Fuelled by the pandemic, growing environmental, social, and governance (ESG) priorities are accelerating demand for ethical and sustainable investment products that offer attractive risk-adjusted returns, according to Samer Abu Aker, CEO of SEDCO Capital, in an exclusive interview with Arabian Business.
“In today’s global investment climate, characterised by an uneven recovery from the Covid-19 pandemic, our clients want the confidence that their capital is being deployed into high-performing, stable, ethical, and sustainable assets,” he said.
The global Shariah-compliant asset management firm recently launched its SC LO Global ESG Equities Fund, a unique ESG-focused and Shariah-compliant fund, in partnership with Lombard Odier, the Swiss private banking and asset management group.
The fund aims to deliver capital growth through an active asset allocation strategy and careful risk management, with the goal of outperforming the Dow Jones Islamic Market World Developed Total Return Index.
It will employ a multi-factor approach that aligns Shariah-compliant, responsible investment, and sustainability principles to construct a portfolio with a high ESG score.
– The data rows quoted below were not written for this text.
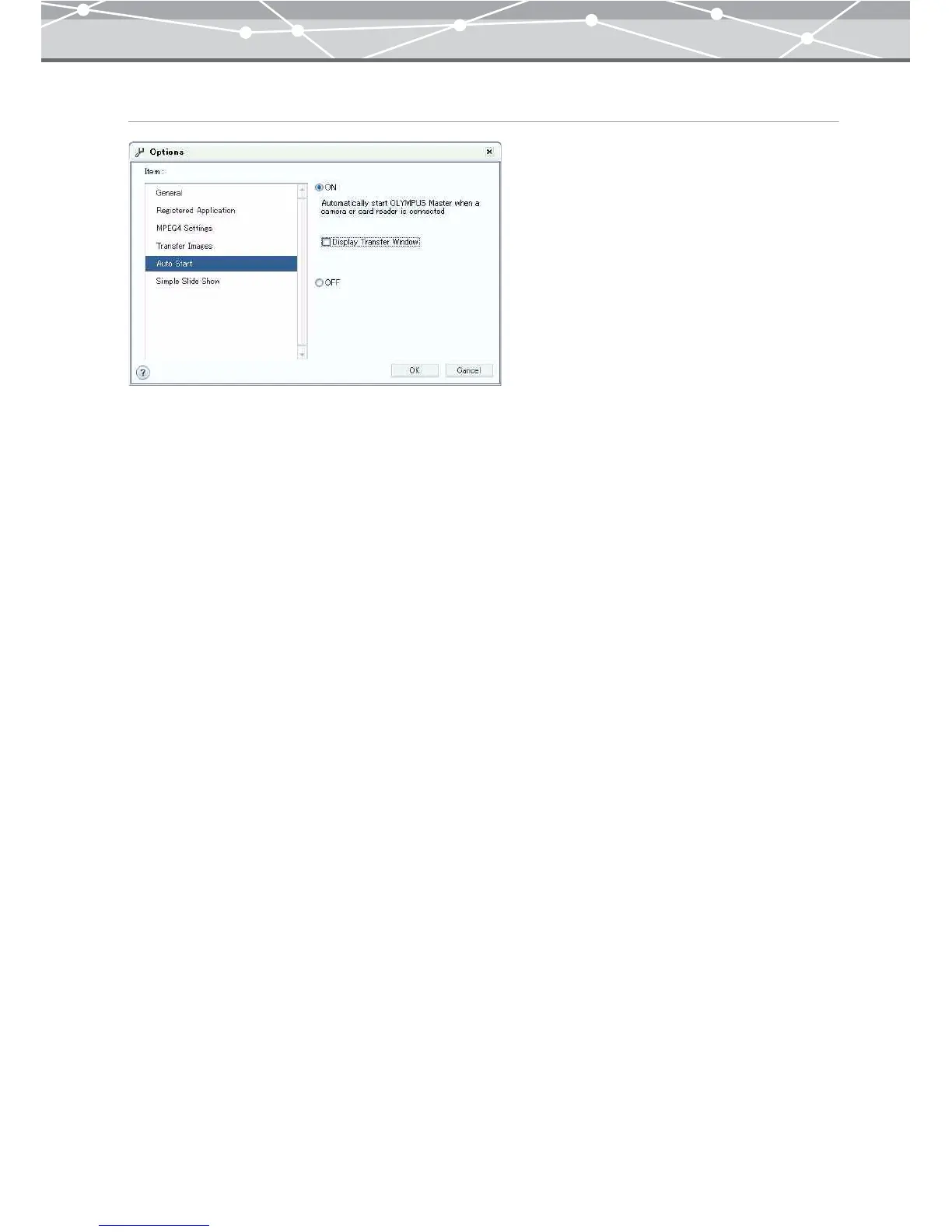 Select [ON] to automatically start up OLYMPUS Master when a camera or card reader with a DCF media
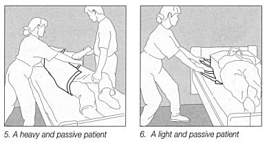 to turn a patient in bed. If there are two helpers available (fig. 5), you
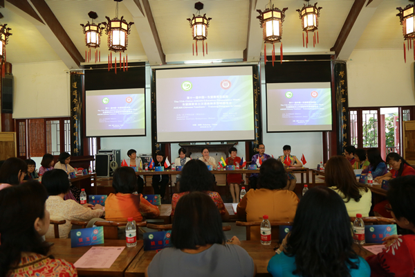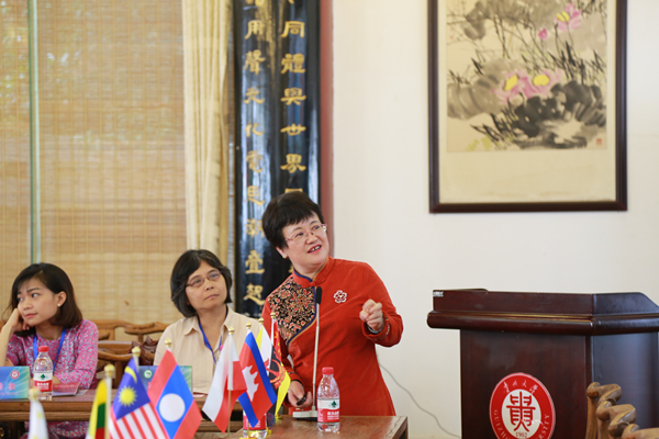 张成霞院长代表学校致辞。她说这是我们第二次举办“东盟国家本土汉语教师研修项目”,我们已经有了非常丰富的经验,希望能在去年的基础上更上一层楼。她指出通过中国-东盟教育交流周这个活动,我校与东盟十国的高校、教育部门和科研机构建立了广泛的合作关系,合作领域不断扩大,希望参加此次培训的教师回国后能积极地推介贵州大学,促进彼此的交流与合作。
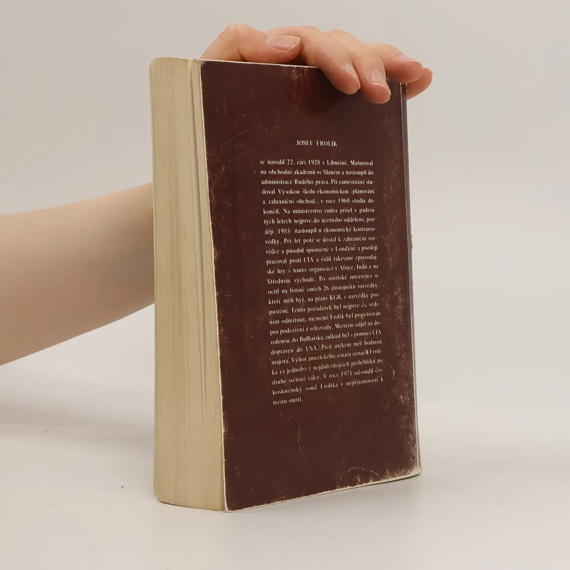 V České republice vyšly dvě jeho pamětní knihy, Špion vypovídá a Špion vypovídá II, dle kterých se česká veřejnost poprvé dozvěděla o špionážních praktikách československé rozvědky. Roku 1947 vstupuje Frolík do KSČ. Už v roce 1948 se rozhodl svědčit proti jednomu ze svých profesorů. Profesor Gargel byl nakonec označen za reakcionáře a odsouzen ke třem měsícům vězení. Roku 1955 přešel na IV. správu ministerstva vnitra (ekonomická rozvědka) a o pět let později dokonce na I. správu. Zde působil v letech 1964-1966 na rezidentuře v Londýně. V následujících letech se zaměřil na špionáže a zpravodajské hry, zaměřené proti CIA. Po roce 1968 se však rozhodl nasbírat co nejvíce tajných informací a s pomocí CIA se roku 1969 nakonec daří uprchnout.
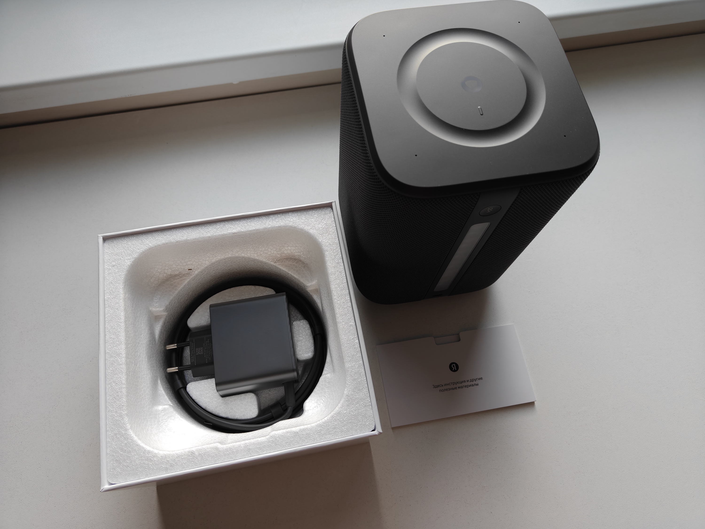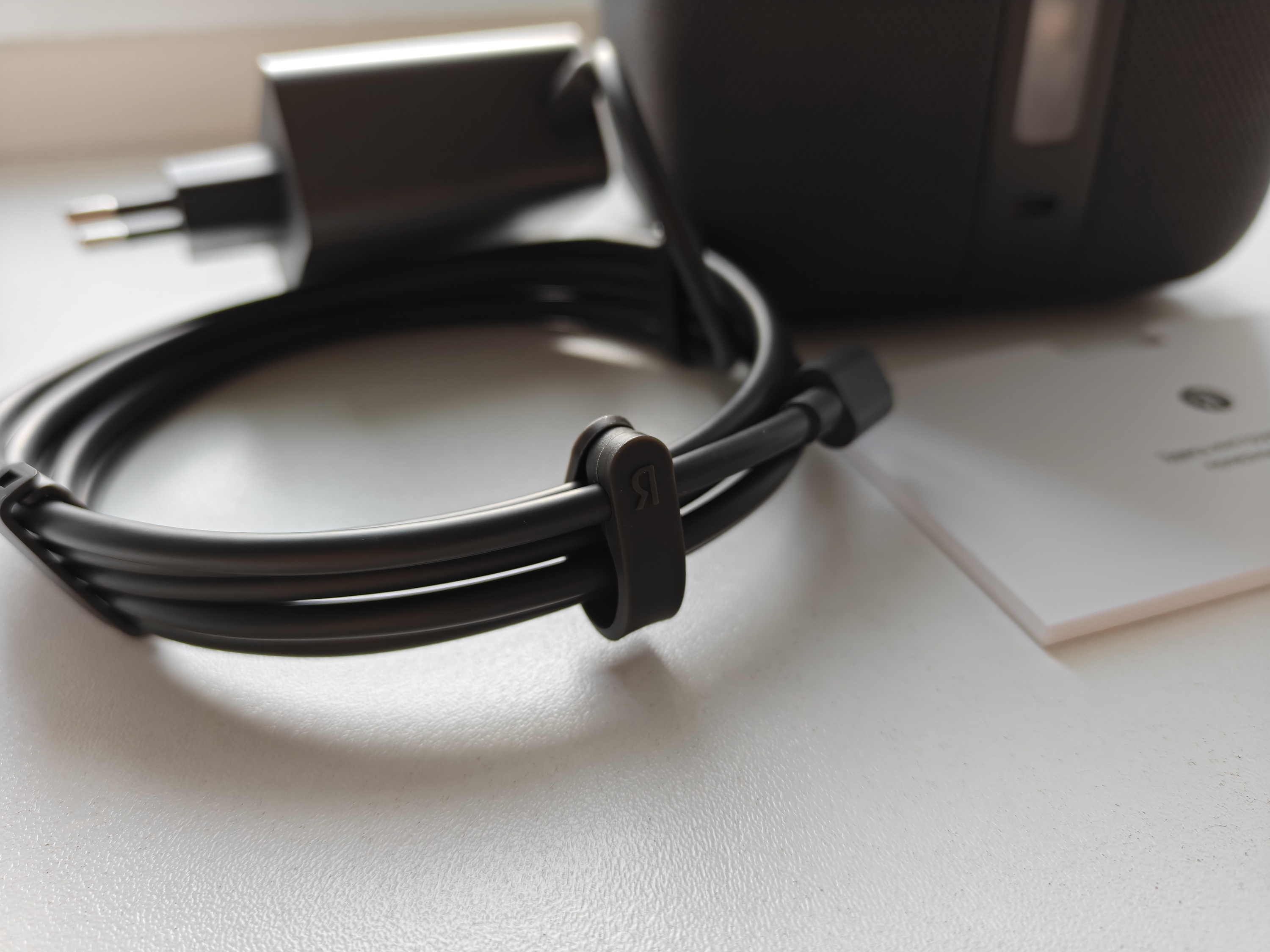 В коробке пользователя, помимо самого девайса, ждут: минималистичный набор бумажных карточек с основной информацией по техническим характеристикам и первичной настройке и некомпозитные провод и блок питания.
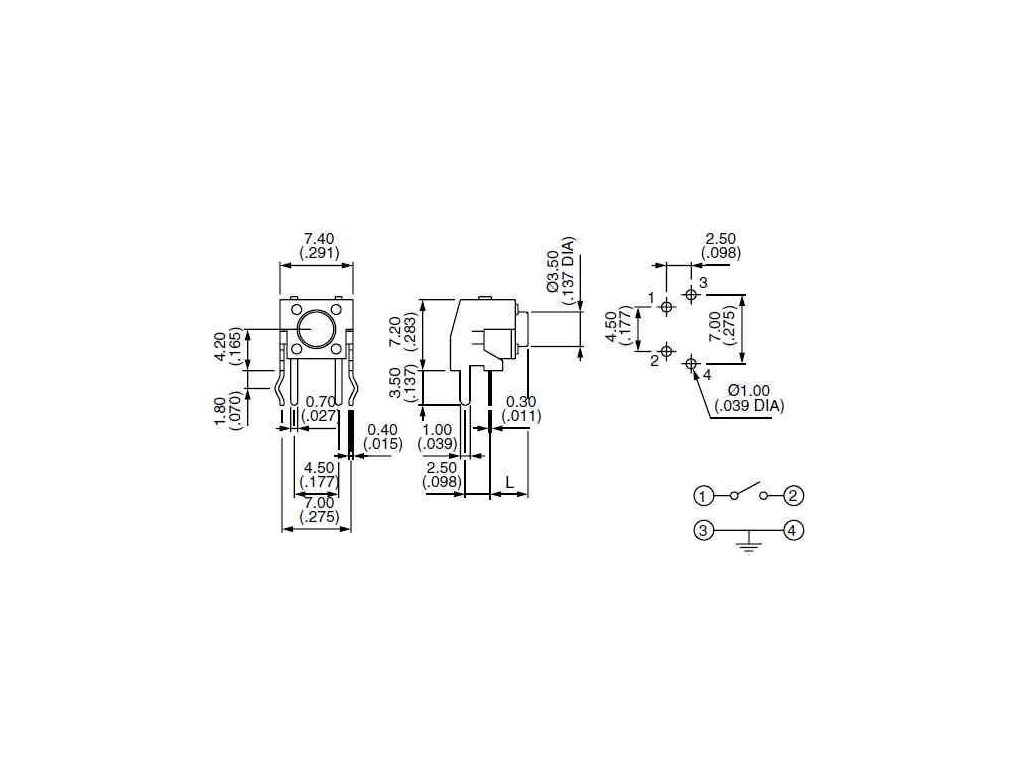 Mikrospínač 6x6mm úhlový v=10,85mm délka hmatníku=7,3mmDoplňkové parametry

“The SC LO Global ESG Equities Fund convenes SEDCO Capital’s emphasis on Shariah-compliance and responsible investment principles with Lombard Odier’s time-tested heritage of pioneering sustainable investment solutions,” said Abu Aker.
According to the Global Sustainable Review 2021, more than a third of funds under management in the world in 2020 were in sustainable-based investments, having risen 15 percent over the past two years to be worth $35 trillion worldwide.
“We believe that the SC LO Global ESG Equities Fund is well-placed to garner significant investor traction, both regionally and globally,” said Abu Aker.
Abu Aker also believed that the generational shift in investors is fuelling the demand for this type of fund, stating: “We are excited to see millennials and Gen-Z at the forefront of driving enthusiasm and demand for ethical investing worldwide…young investors want financial returns that come with positive social and environmental impact.”
Samer Abu Aker, CEO of SEDCO Capital.
As of September 2021, the SC Global Sustainable Equity Fund and SC Europe Equities Fund have outperformed the MSCI Europe Index and MSCI World Index by 7.3 percent and 3.25 percent, respectively.
“It is SEDCO Capital’s view that investments in opportunities that take into account climate transition and physical risks will deliver above-average returns. Such opportunities may revolve around clean energy, energy efficient infrastructure, and clean transportation,” he said.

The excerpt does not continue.